I have to consciously tell myself when I've done a good job. It isn't as if there is anyone outside of my being that would be able to notice and remark upon my missions accomplished.
I did a couple of small mountain tasks. I went to the local Farmers Market. The downtown corridor where it is held, was the most densely packed crowd I have ever encountered there. No worries, methought as the produce stand that usually carries my broccoli is near the entry.
Well, usually it has it. Not today. Yes, the thought of chalking it up as a loss and going home empty-handed crossed my mind but there was another two blocks full of vendors. If I carefully staggered my way through the crowds, I was optimistic that I could acquire my produce. That was the move I decided to make.
Sure enough, all the way at the end of the street market, I found the only vendor who had broccoli. I grabbed a couple stalks, paid and high-tailed it back to the car. As I sat in the car, I took a couple of deep calming breaths and said quietly aloud, You Did a Good Job. I'm proud of you, a few times so it would sink in.
It felt good to get that chore done and done to the best of my ability.
Well, I guess I did three noteworthy missions. After the Market, I went straight to the mountain and proceeded to walk hike, not the 1.55 miles I did yesterday, but rather 2.4 miles. It was indeed crowded there, as well, with a large number of hikers with dogs, bicyclists and even a couple of horses. Again, once the chore was complete, I told myself I did good.
My third challenge was going to the local food pantry. I've picked up food there about 4 or 5 times now, and it gets easier and more familiar with each visit.  I'm learning what food items work for me, which ones to avoid, and which ones that it is appropriate to ask for.
It was wonderful and tummy warming to arrive home with two grocery bags of vittles. 
It was a highly productive day. Some days I accomplish one, two or three things. Other days I'm just glad I can get out of bed, walk the dog and feed myself.
Victories come in large, medium, and small.

Thursday, August 17, 2023

The Sound Indoors

 Today ended the 72 siege of being forced to stay indoors due to the obnoxious, toxic outdoor smokesmog air. I like breathing and that wasn't going so well if I ventured outside for even a few minutes.

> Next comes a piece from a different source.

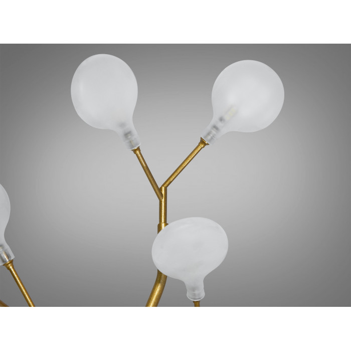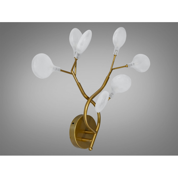 Зовнішній вигляд і конструкція. Розгалужені стрижні утворюють «гілочки», на яких розташовані скляні плафони-кульки з м’яким розсіюванням. Сатиноване золото виглядає стримано та може поєднуватися як з теплими, так і з нейтральними палітрами. Настінний монтаж економить простір і дозволяє використовувати бра там, де підвісні світильники недоречні.

The sounds of indoors with air conditioner, shuttered windows had a sharp hum, a drone and blow. It felt or rather sounded isolated, muffled, muted, and confining. The blowing air conditioner coupled with the solidly locked windows was a barrier like a heavy wall of insulation against the outer world. 

I missed the noises of outside: the leaves rustling telling me there was wind; cars driving by indicating what time of day it was; the train rattling day and night giving me pause and a reason to stop and listen; the birds, the sad absence of any bird calls was obvious and forlorn.

Casually, I wondered how many days it would be before anyone noticed my car hadn't moved or my shades no loner opened and closed each day. 

As soon as the temperature dips below 70, I will actually be able to open the long shut windows. I'm sure it will feel foreign, if ever so briedly.

And trust, hmm, I have to go back to not trust the air to be pleasant and breathable. I have to check places online and take testing sniffs and whiffs when I step out. I'm leery. I forgot, you can't always trust the air quality. Damn, this seems to be a reoccurring theme playing in different avenues of my life. Trust, safe, choice all are taking turns center stage and needing my attention. That's what therapy is for, too. See the pattern. Talk about it. Move on. This train of thought station is a bugger to get out of. 

I like being sequestered when it is my idea not external, uncontrollable forces outside of myself.

I was kinda content, just short of happy, that I had a reason to stay in.

Outside is risky and unpredictable and some days I wear my armor better and stronger than others.

Choice. It is nice being able to decide whether I go out or stay in.

Oregon fire season, I don't think I'll ever like it or get used to it.

So much taking place in my internal world. 

Rainman Rainman

I am definitely in the throes of Rainman days.
So grateful for this movie.
I'm so f*ckin weirdy!!!
Nope, just Aspie as hella

Observations from the Puddle, the Saga of the Most Alone Multiple Autistic continues to no fanfare or likes

 Observations from the Puddle called August 17, 2023

It's Wet

The journey continues. The outside unbreathable, smoke and smog filled air assisted in keeping me indoors the past two moons, however, I needed to force venture Out to get some food. I've noticed, over the years, that if I don't grab my anxiety by the collar and drag it out in the open and shake the Hell out of it, "air it", acknowledge it, what have you, then it grows like a decaying roadkill carcass until it explodes and becomes completely unmanageable and hella messy. Thus, I clutched my anxiety, put it on a strong leash and hauled it and myself, kicking and screaming to not one but two public stores.

If it looks like Rainman

and it doesn't talk like Rainman

Is she really Rainman? 

Kindof, yeah. I walk funny these days, all stiff and non-swinging arms and upright and like ready to run or fight. My watery tears, crying situation, wherein I start crying sogging, opulent tears, continue to happen without warning and multiple times within each day. Today, I noticed whenever anyone was near me in the aisle or speaking to me, like the cashiers and clerks as are required, then I would be fighting to hold back them tears. Not fun, but whatev.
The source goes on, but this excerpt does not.